The statute behind all of this is plain. Title IX of the Education Amendments of 1972, codified at 20 U.S.C. §1681(a), establishes that no person in the United States shall, on the basis of sex, be excluded from participation in, be denied the benefits of, or be subjected to discrimination under any education program or activity receiving federal financial assistance. The patterns OCR keeps catching are not about whether institutions accept the statute. They are about whether the institution can prove its compliance program operates the way the institution says it does.
This article walks through the recurring findings, names why they persist, and lays out the operational layer, anchored in the LMS, that turns a Title IX training and compliance program from policy on paper into evidence on demand.
The 2026 Regulatory Picture: The 2020 Final Rule Is Operative
As of mid-2026, the 2020 Title IX Final Rule, codified at 34 CFR Part 106, is the operative regulation governing Title IX compliance for postsecondary institutions. The 2024 Title IX Final Rule, which was published in the Federal Register on April 29, 2024, and scheduled to take effect August 1, 2024, was vacated nationwide on January 9, 2025, by the U.S. District Court for the Eastern District of Kentucky in State of Tennessee v. Cardona. The court held that the 2024 rule was contrary to law, violated the U.S. Constitution, and was arbitrary and capricious. The vacatur applies nationwide.
The Department of Education issued a Dear Colleague Letter on February 4, 2025, confirming that all open matters and any newly reported matters must use 2020-compliant policies and procedures.

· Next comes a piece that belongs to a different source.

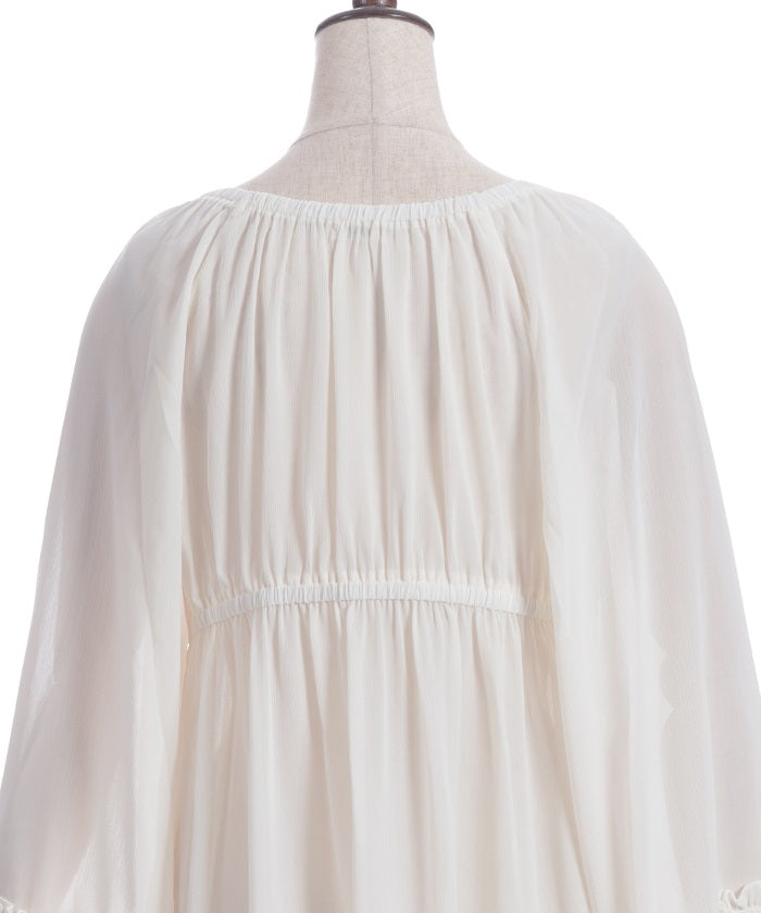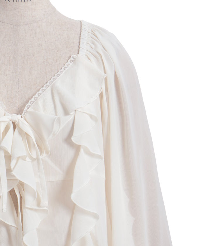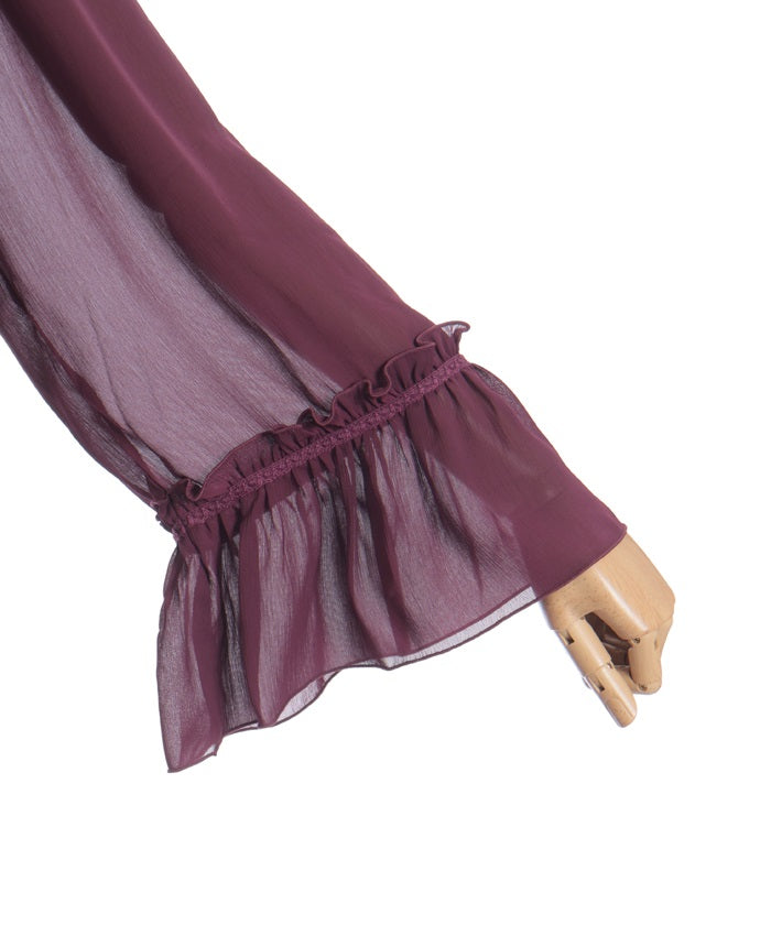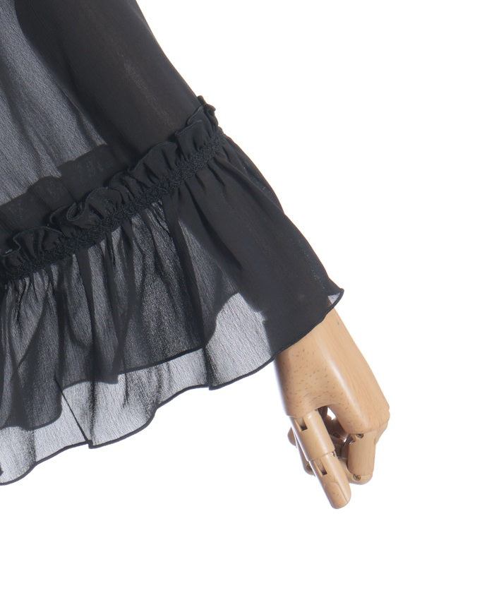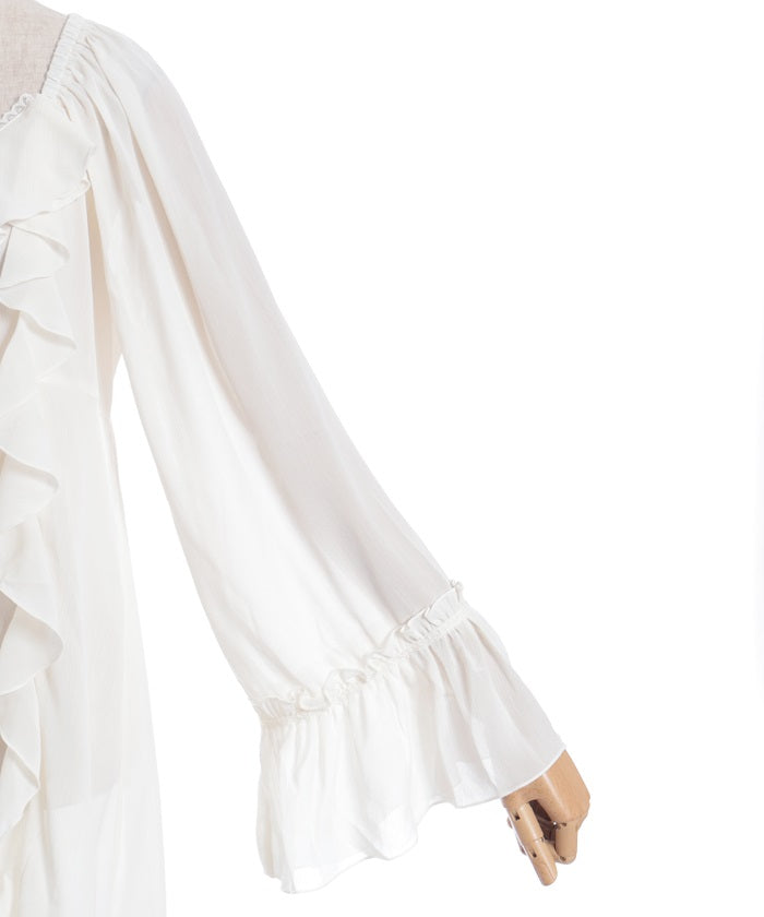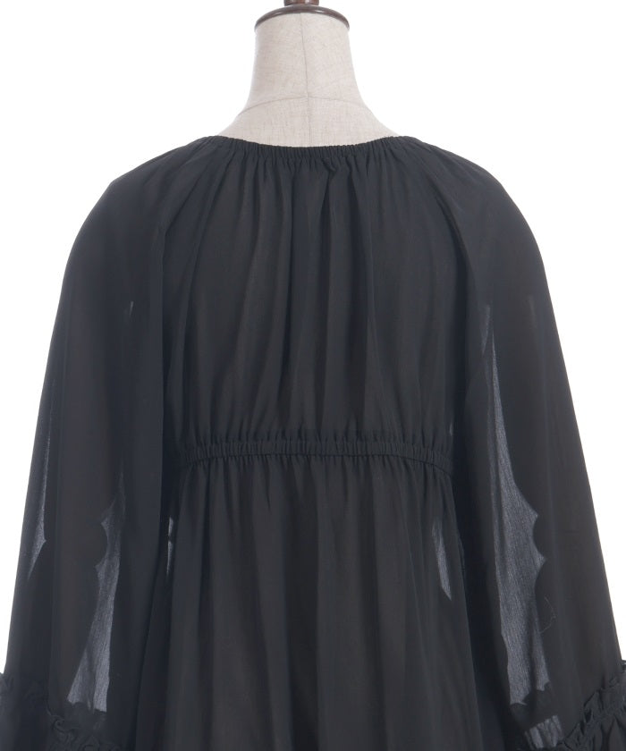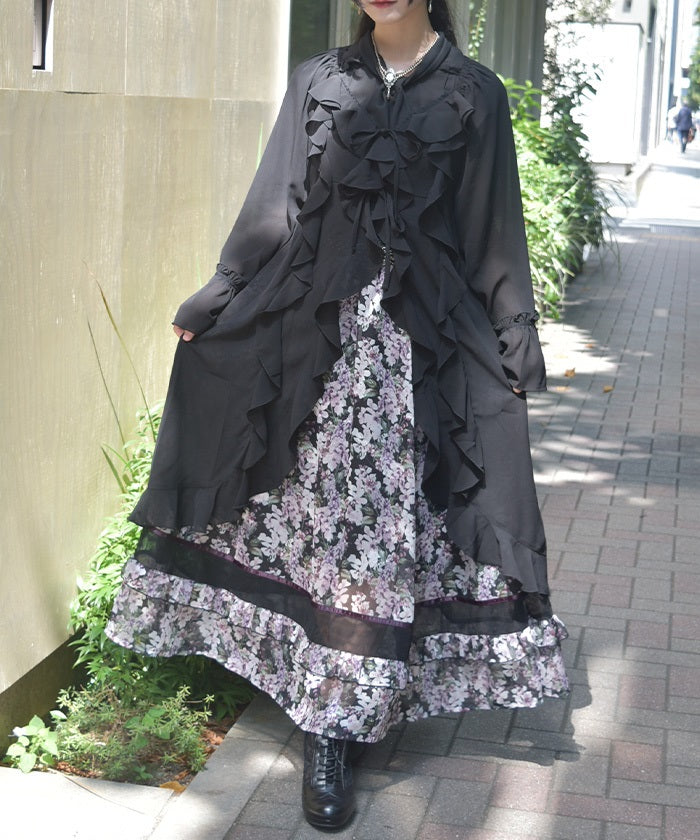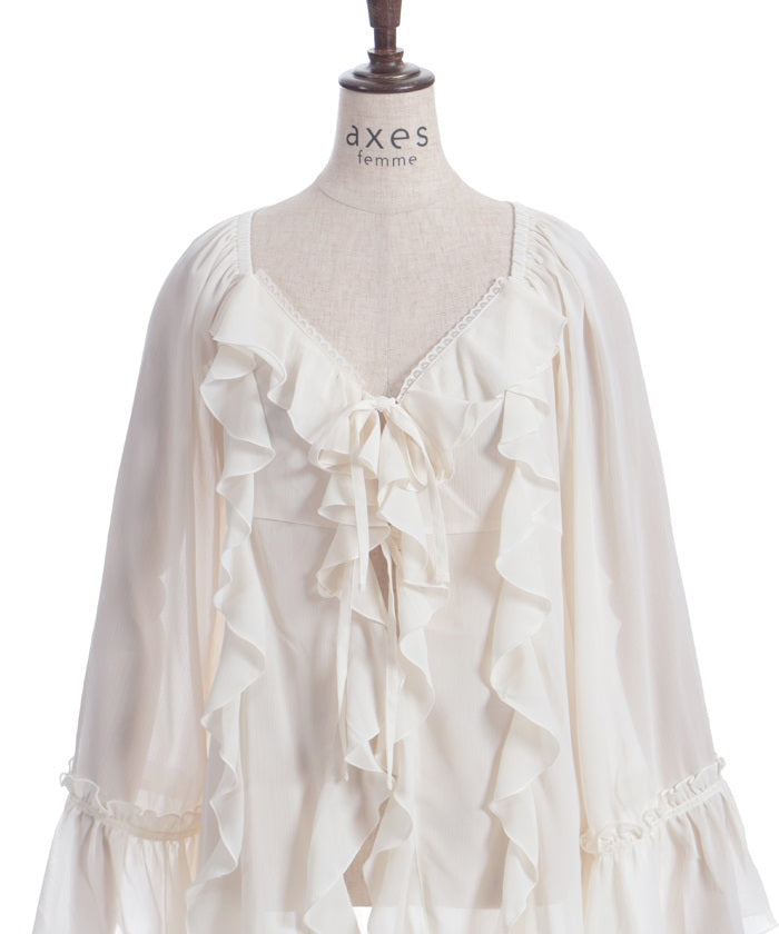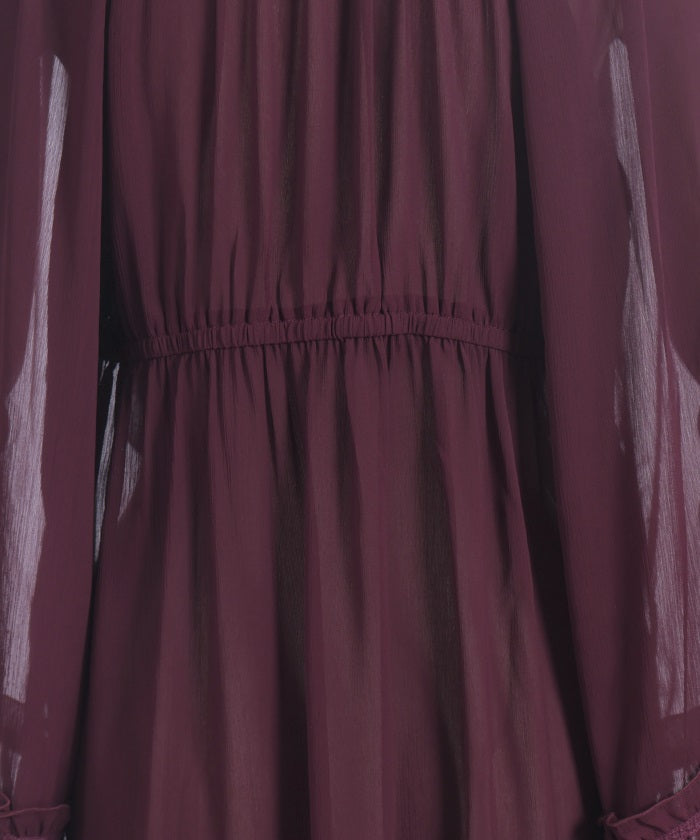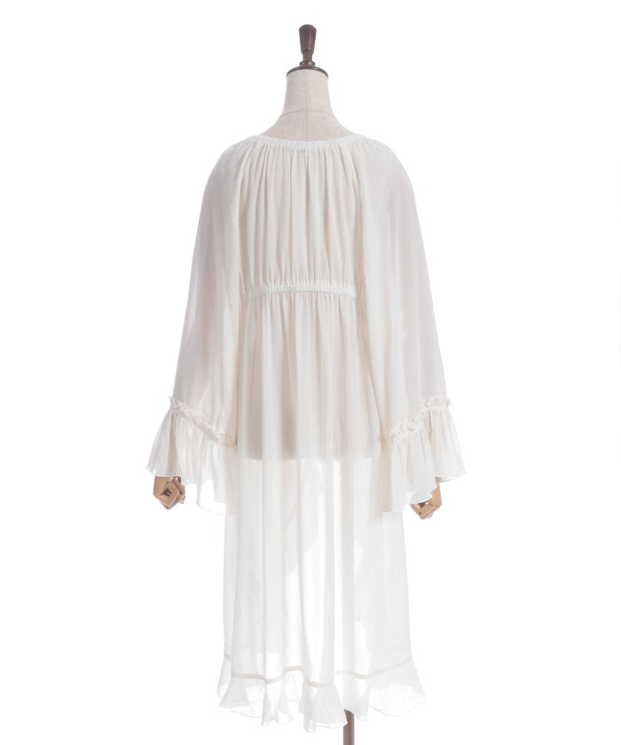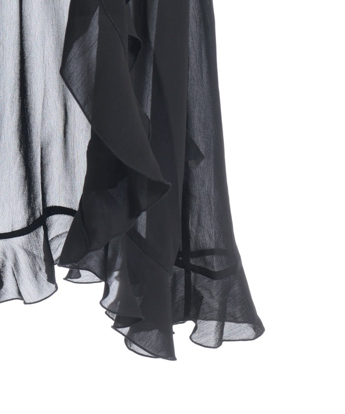 A chiffon gown with a gorgeous lightweight look and flowing ruffle frills. Simply throw this on for an elegant look. The classy sheer fabric can be worn all the way to autumn.

The Department has continued to enforce Title IX under the 2020 framework throughout 2025 and into 2026.
The Title IX rulemaking timeline at a glance:
- May 6, 2020: The U.S. Department of Education issues the 2020 Title IX Final Rule.
- August 14, 2020: The 2020 Final Rule takes effect.
- April 29, 2024: The Department of Education publishes the 2024 Title IX Final Rule in the Federal Register.
- August 1, 2024: The 2024 Final Rule was scheduled to take effect on this date.
- January 9, 2025: The U.S. District Court for the Eastern District of Kentucky vacates the 2024 Final Rule nationwide in State of Tennessee v. Cardona.
- February 4, 2025: The Department of Education issues a Dear Colleague Letter directing institutions to apply 2020-compliant policies and procedures to all open and new matters.
- Mid-2026: The 2020 Title IX Final Rule at 34 CFR Part 106 remains the operative regulation.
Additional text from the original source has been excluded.